Nach vielen Jahren Rollenspielerfahrung einen Kampf noch interessant
zu machen bzw. zu finden, ist wahrlich nicht leicht, denn die meisten Kämpfe
ähneln sich in gewisser Weise doch irgendwie und hinzu kommt, daß
einem durch den Kampf wichtige Stunden verloren gehen, die man mit "richtigem"
Rollenspiel hätte verbringen können. Was kann man also tun?
Nun, zuerst mal sollte man als Spielleiter von vornherein in sein Abenteuer
nicht viele Kampfsituationen einbauen, oder zumindest keine solchen Massenschlachten,
die sich ewig hinziehen.

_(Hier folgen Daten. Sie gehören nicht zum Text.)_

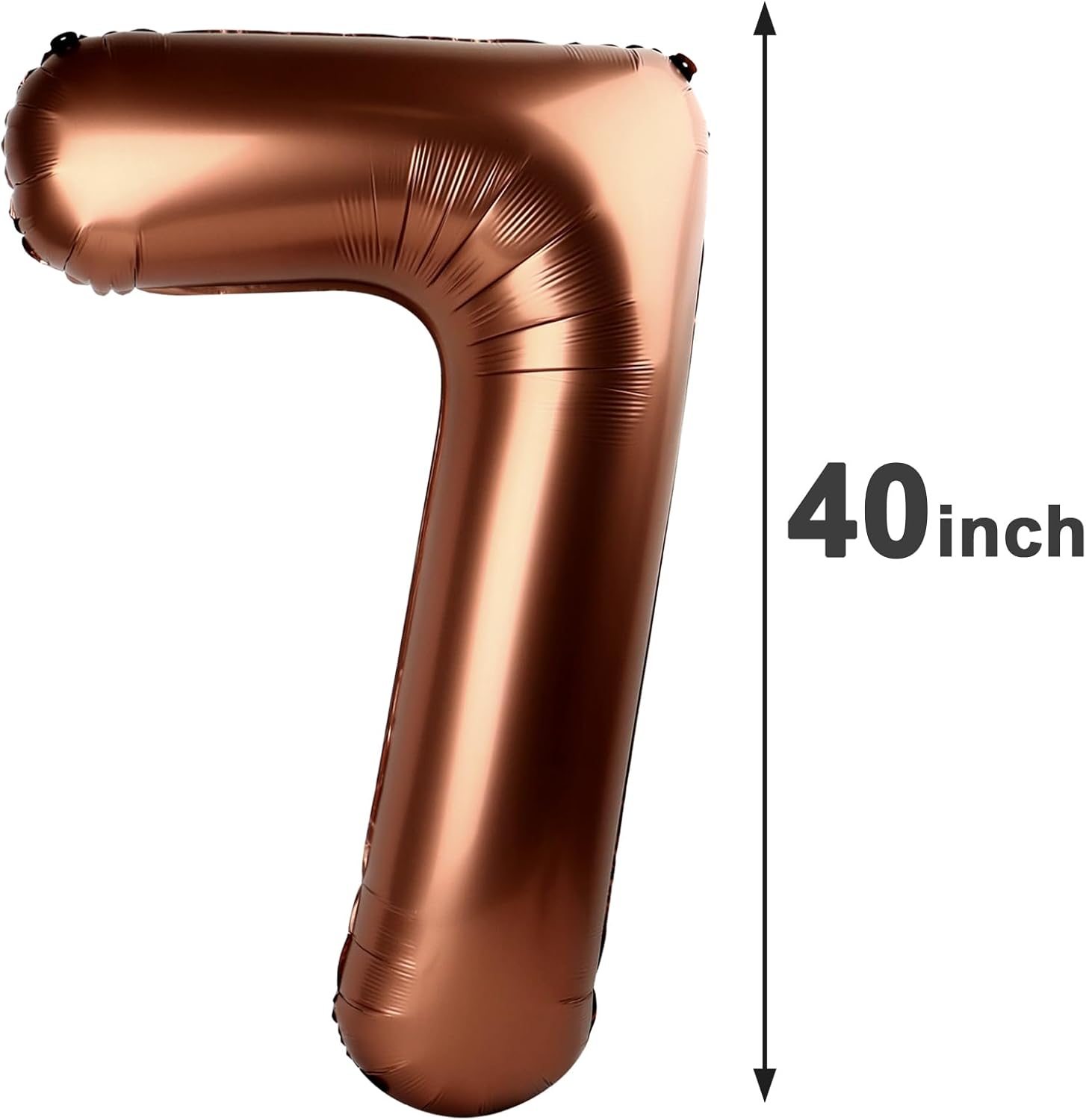 - 1.Make Party Charming with Dark Brown Number Balloon: You will receive an uninflated 40 inch 7 balloon number. Big number balloons are always the best statement of romance and surprise. Coffee brown balloon symbolize vitality exoticism, adding glamour to birthday parties. Bright metallic dark brown and huge size make 7 birthday balloon a highlight of special parties. Choose one or more numbers from 0-9 number balloon, and use 7 17 27 37 47 57 67 77 87 97 balloon numbers to create a lively party!

Ein paar Kämpfe werden fast immer unumgänglich
sein, da erstens meist der Hintergrund der Rollenspielwelt nicht gerade
friedlich ist und Kämpfe zur Tagesordnung gehören, und da zweitens
die Charaktere ja auch herausgefordert werden und ruhig auch mal mit dem
Tod konfrontiert werden sollen (und nur Fallen als Gefahr für die
Charaktere einzubauen ist etwas einseitig). Man kann die Anzahl von Kämpfen
in einem Abenteuer aber durchaus gering halten und dies hat dann zusätzlich
noch den Effekt, daß Kämpfe allgemein mehr an Reiz gewinnen,
denn wenn man andauernd am Kämpfen ist, ist ein Kampf nichts Besonderes
mehr.
Die Spieler sollten sich auch darum bemühen, möglichst
wenig Kämpfe zu provozieren, indem sie alternative Möglichkeiten
suchen, um einen Konflikt zu lösen (und der Meister sollte den Spielern
solche Möglichkeiten offenlassen) oder einfach mal nicht in jeder
Kneipe gleich eine Schlägerei anzetteln. Nicht selten macht es mehr
Spaß, einen Konflikt zu umgehen oder seine Gegner zu täuschen,
als einfach immer stupide auf alles einzuhauen, was Probleme macht.
Ein Unding, daß viele Spielleiter auch öfters benutzen, sind
solche "Zufallsbegegnungen" wie zum Beispiel eine Gruppe marodierender
Goblins oder Wegelagerer, die einfach so die Charaktere angreifen und in
einen Kampf verwickeln. Solche unmotivierten Kampfeinlagen kann man sich
wirklich sparen und man sollte die Zeit lieber mit dem Lösen des Abenteuers
verbringen (wobei gegen andere Zufallsbegegnungen allgemein eigentlich
nichts einzuwenden ist).
Massenschlachten lassen sich manchmal vielleicht auch vermeiden, indem
man nur zwischen den Anführern der beiden Parteien ein Duell veranstaltet,
was sehr stimmungsvoll und spannend sein kann. Ist eine Massenschlacht
wirklich irgendwann mal unvermeidlich, dann sollte man vielleicht nicht
auf allen Sonderregeln bestehen und lieber mit dem gesunden Menschenverstand
entscheiden, ob der Schlag dem Gegner jetzt vielleicht den Arm abgetrennt
hat, oder ganz auf solche Spitzfindigkeiten verzichten und den Kampf einfach
etwas abstrakter betrachten.
Jede Gruppe muß eben ihren eigenen Weg finden, wie sie mit Kämpfen
umgeht, aber niemand sollte versäumen überhaupt mal darüber
nachzudenken, wie wichtig ihm eigentlich Kämpfe sind und ob
das Rollenspiel nicht vielleicht auch mehr zu bieten hat.